▶ **What is needed**:
The reply should hold only the lines from the one with "NOREEN PENDANT 44081" to the one with "Transport of a prisoner in the 1800s.", both ends kept, exactly as they appear below, without any pictures.

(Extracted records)
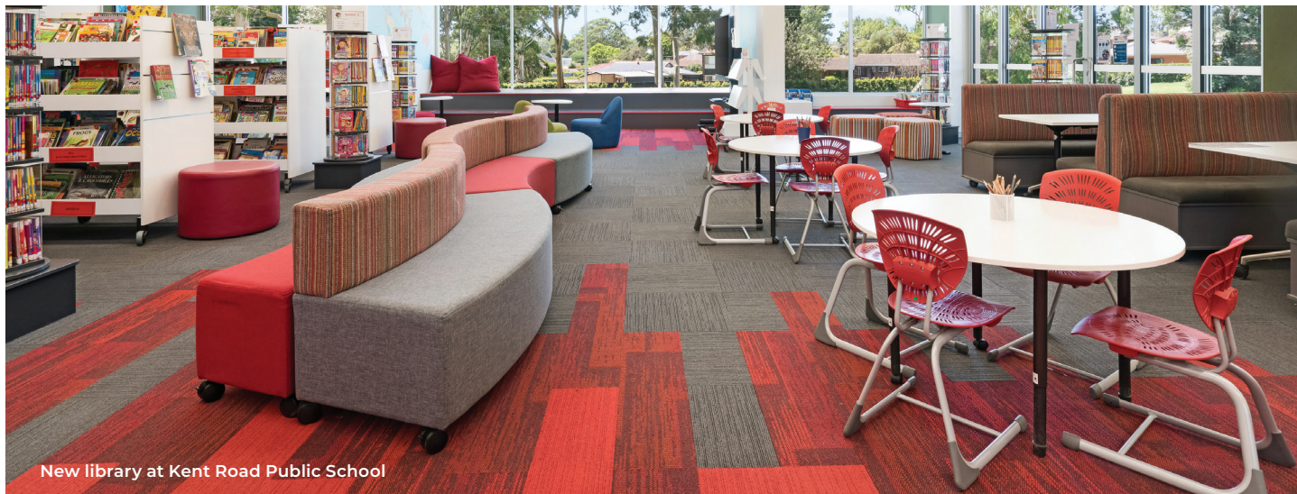
New library at Kent Road Public School
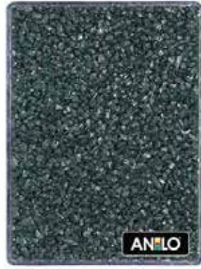
ANL2677 1.5/2.5 mm
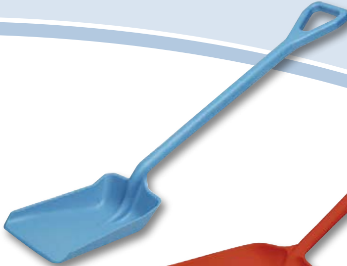
HCHD - 75
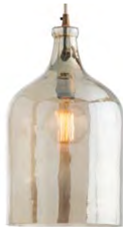
NOREEN PENDANT 44081
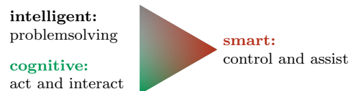
Fig. 2 Contrast of aims for three AI flavours.
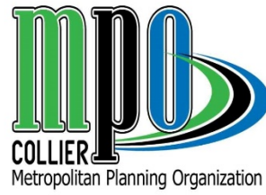
EXHIBIT A – APPLICATION MATERIALS
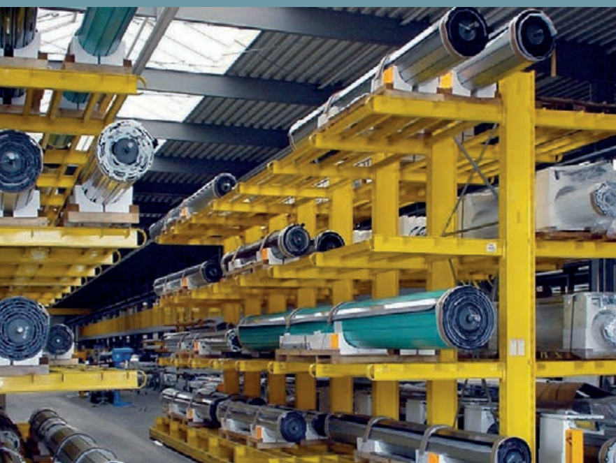
Roller Shutter reels, which have completed production in robust cantilever racking. Arm-bridges between arms for storage of varying dimensions.
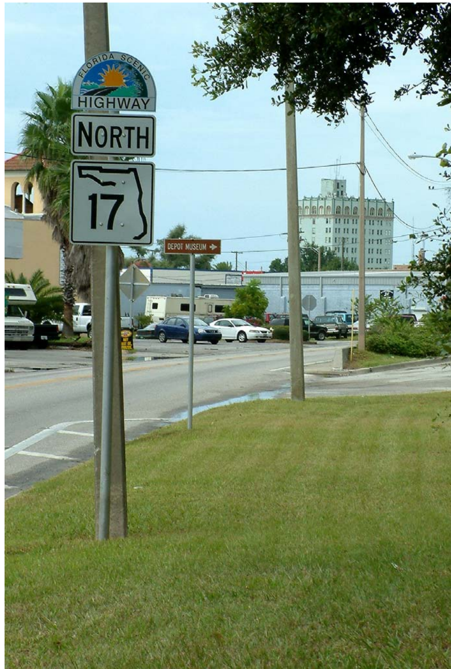
Ridge Scenic Highway approaching Lake Wales.
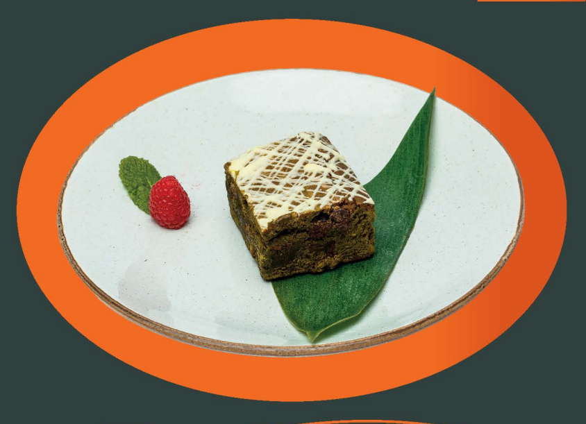
チョコレート抹茶ブラウニー バニラアイス添え Chocolate Matcha Brownie with Vanilla Ice Cream 6.5
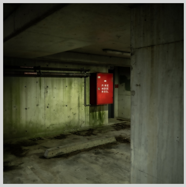
A NIGHT OUT WITH FRIENDS - GREG PITTY
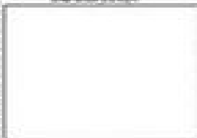
Draw a picture of your invention.

for inspiration and using the genius from the wonderful device to buy a _____
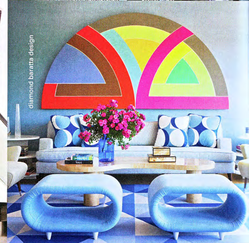
diamond baratta design
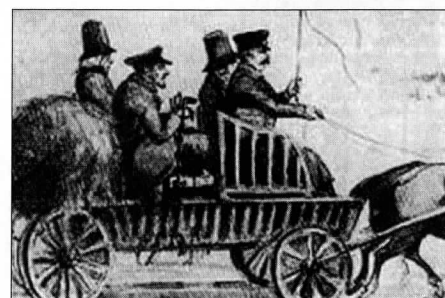
Transport of a prisoner in the 1800s.
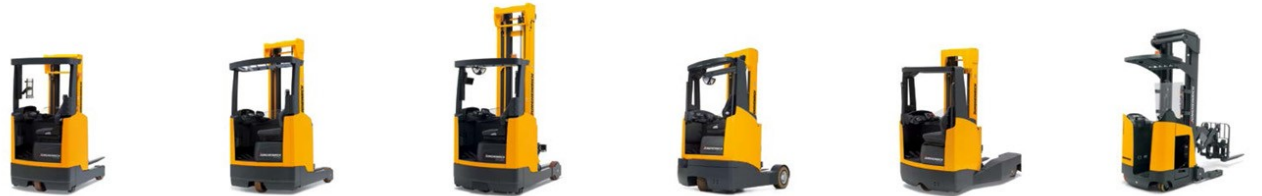
Reach truck ETV 110/112 max. lift height: 7,100 mm max. capacity: 1,200 kg Reach truck ETM/ETV 214/216 max. lift height: 10,700 mm max. capacity: 1,600 kg Reach truck ETM/ETV 318/320/325 max. lift height: 13,000 mm max. capacity: 2,500 kg Reach truck ETV C16/C20 max. lift height: 7,400 mm max. capacity: 2,000 kg Multi-way reach truck ETV O20/O25 max. lift height: 10,700 mm max. capacity: 2,500 kg Extended reach fork lift truck ETR 316d/318/320 max. lift height: 11,430 mm max. capacity: 2,000 kg
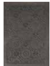
Old Mill in Blackened Tin
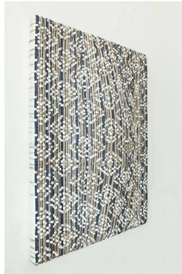
COVER Prelude 1, 2015, customised corner, cube reflectors and glass beads on aluminium frame, 125cm diameter x 33cm depth

RIC SPENCER · CURATOR · FREMANTLE ARTS CENTRE
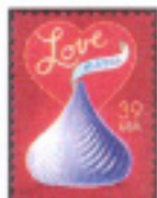
20. Hershey's Kisses
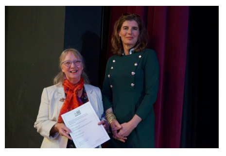
West Ashby - 75 years
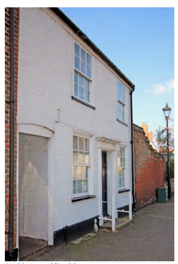
No.38 Upper Olland Street

No.34 Upper Olland Street (grade II). An early nineteenth century detached villa with a symmetrical classical entrance façade of three bays. Of two storeys with attics lit from within the gabled return elevations. Suffolk white brick façade with a mutular cornice, and a black pan tiled roof. Rear elevation red brick, side elevations rendered. Three twelve-light hornless sashes within flush frames at first floor level. Two further twelve-light sashes with flat arched lintels flanking the doorcase. Sixpanelled entrance door with arched patterned fanlight in an enriched wooden case. Northern return elevation highly visible from chapel graveyard. Rear elevation with nineteenth century casements beneath cambered lintels. Subsidiary Structures Screen walls to the left and right at a right-angle, each seven feet high with a stone cope, with a side door and blank panel respectively, square section piers. Low brick wall to front. Nos.30 to 34 (even), Emmanuel church and Nos.38 to 52 (even) form a group.
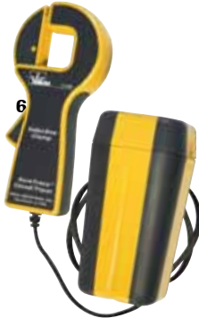
Inductive Clamp & Battery Pack
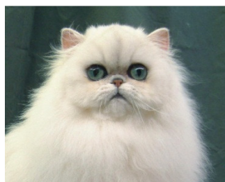
Chinchilla = PERns12
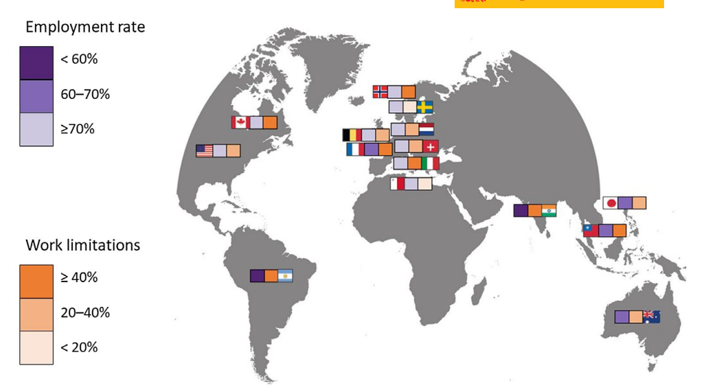
FIGURE 2 Distribution of employment and work limitations (work limitations among employed patients) among participating countries. This map shows the amount of employment and work limitations per country, with darker colors reflecting less unemployment and more limitations. Participating countries with total number of participants and percentage employed: Argentina (N = 174, 52% employed), Australia (N = 132, 67%), Belgium (N = 275, 80%), Canada (N = 517, 75%), France (N = 95, 63%), India (N = 199, 43%), Italy (N = 64, 74%), Japan (N = 257, 67%), Malta (N = 116, 74%), Norway (N = 172, 70%), Sweden (N = 468, 73%), Switzerland (N = 276, 72%), Taiwan (N = 250, 64%), The Netherlands (N = 254, 70%), and United States (N = 744, 70%)
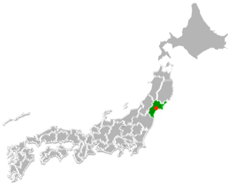
Figure 1: The Location of Sendai

Sendai is the capital of Miyagi Prefecture and the largest city in the Tohoku region, which consists of Akita, Aomori, Fukushima, Iwate, Miyagi, and Yamagata Prefectures. With a population of 1,073,242 (as of October 2014,) Sendai is the eleventh largest of 20 ordinance-designated cities, excluding Tokyo. Sendai has a humid subtropical (Cfa) climate with moderate summers (compared to Tokyo) and cold winters, although to a lesser extent than Hokkaido.
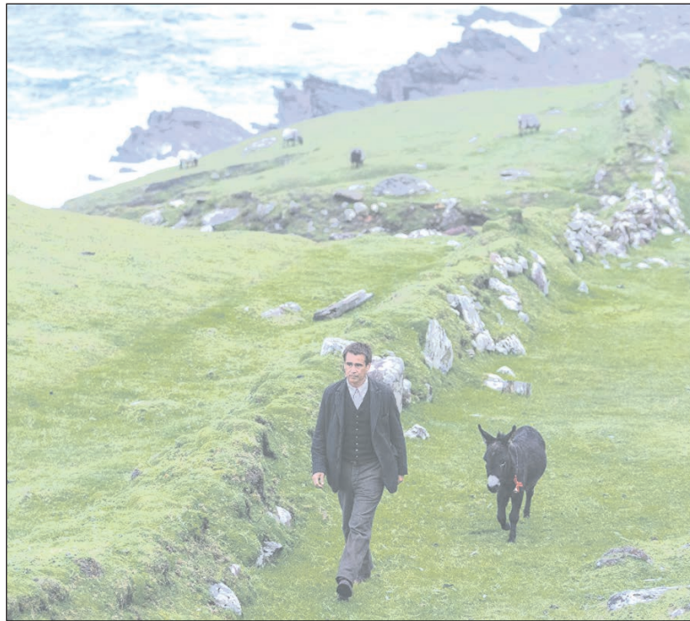
Colin Farrell and Jenny the donkey in "The Banshees of Inisherin"

Some movies this year were very very bad, and some were very very good. Let's leave things on a high note, shall we?
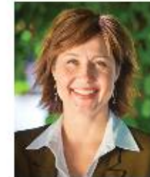
The Honourable Christy Clark Premier
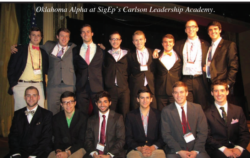
Oklahoma Alpha at SigEp's Carlson Leadership Academy.
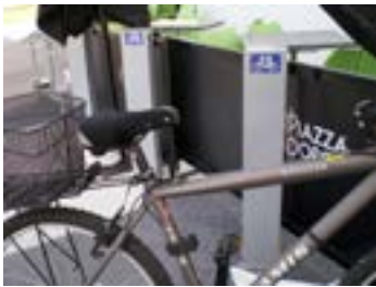
Figure 22.7-1: Bicycle Stands
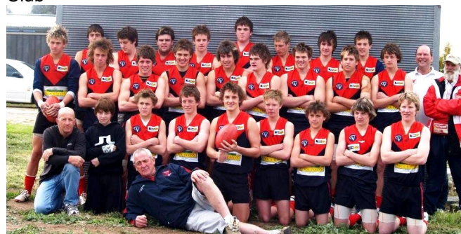
Laharum Under 17s Preliminary Final
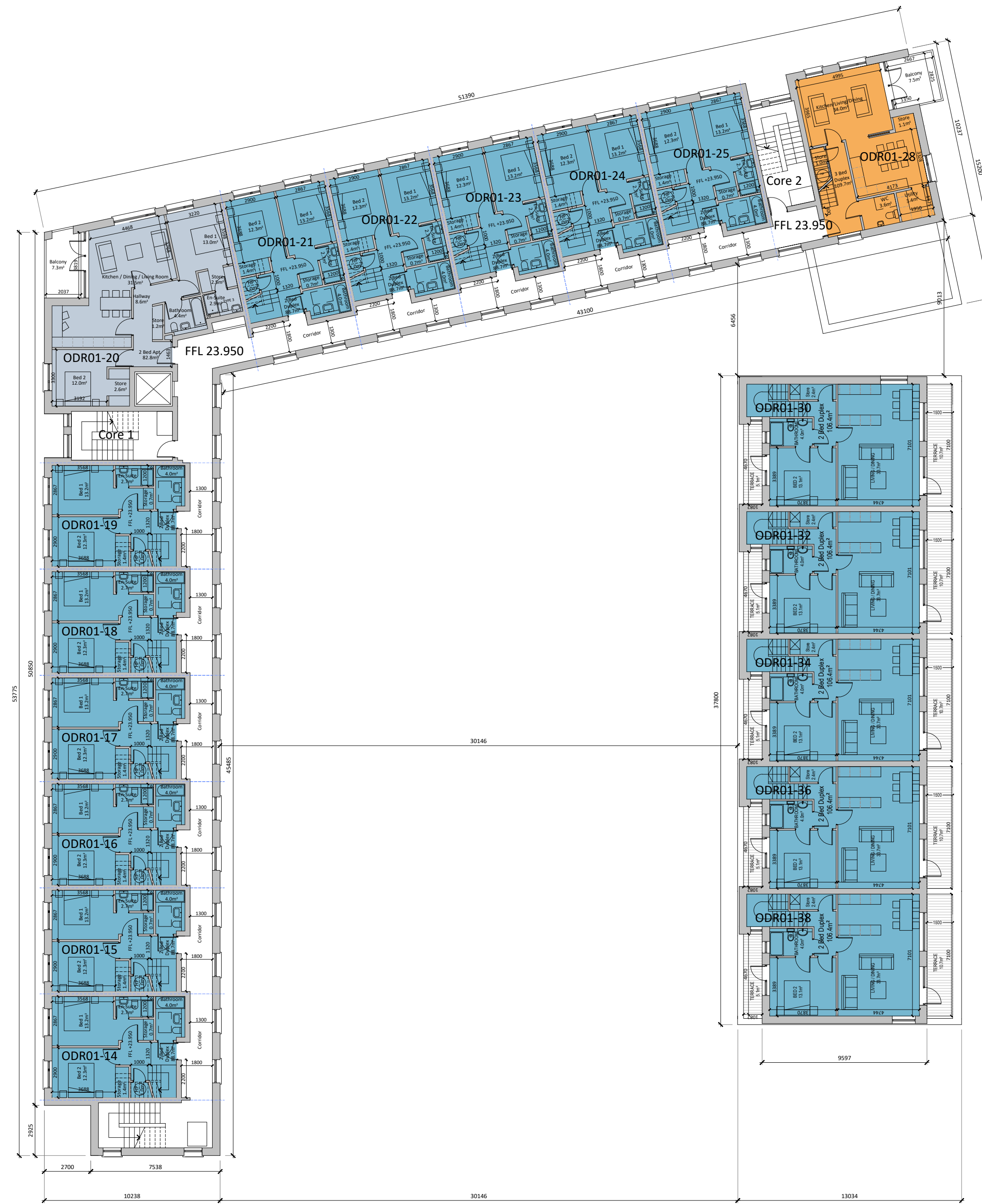
ODR Level 02

▶ **Finished exercise**:
NOREEN PENDANT 44081
Fig. 2 Contrast of aims for three AI flavours.
EXHIBIT A – APPLICATION MATERIALS
Roller Shutter reels, which have completed production in robust cantilever racking. Arm-bridges between arms for storage of varying dimensions.
Ridge Scenic Highway approaching Lake Wales.
チョコレート抹茶ブラウニー バニラアイス添え Chocolate Matcha Brownie with Vanilla Ice Cream 6.5
A NIGHT OUT WITH FRIENDS - GREG PITTY
Draw a picture of your invention.

for inspiration and using the genius from the wonderful device to buy a _____
diamond baratta design
Transport of a prisoner in the 1800s.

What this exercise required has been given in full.